Generating inputs for BEELINE
BoolODE provides additional scripts, located in scripts/, to
process simulation output for use with BEELINE.
Compute Pseudotime using Slingshot
Note
runSlingshot.py requires the Slingshot Docker container. Please make sure Docker has been set up and the container has been built.
Slingshot computes pseudotime trajectories for a given dataset by
first carrying out dimensionality reduction, then carrying out
k-means clustering on the low dimensional embedding in order to
compute trajectories. The number of clusters expected depends on the
features of the dataset.
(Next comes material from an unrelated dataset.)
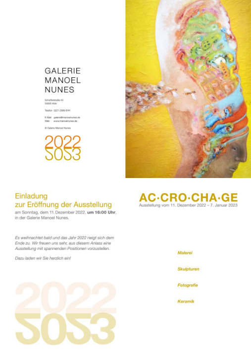 Der Kölner Galerist und Kurator Manoel Nunes lud zu einer Ausstellung aus der jeweils zum Jahreswechsel stattfindenen AC·CRO·CHA·GE-Reihe ein.

For instance, a dataset with two steady state
clusters should be specified with --nClusters 3, specifying an
additional initial state cluster.
runSlingshot.py takes the following command line arguments:
-h, --help show this help message and exit
--outPrefix=OUTPREFIX
Prefix for output files.
-e EXPR, --expr=EXPR Path to expression data file
-p PSEUDO, --pseudo=PSEUDO
Path to 'pseudotime' file generated by BoolODE
-c NCLUSTERS, --nClusters=NCLUSTERS
Number of expected clusters in the dataset.
--noEnd Do not force Slingshot to have an end state.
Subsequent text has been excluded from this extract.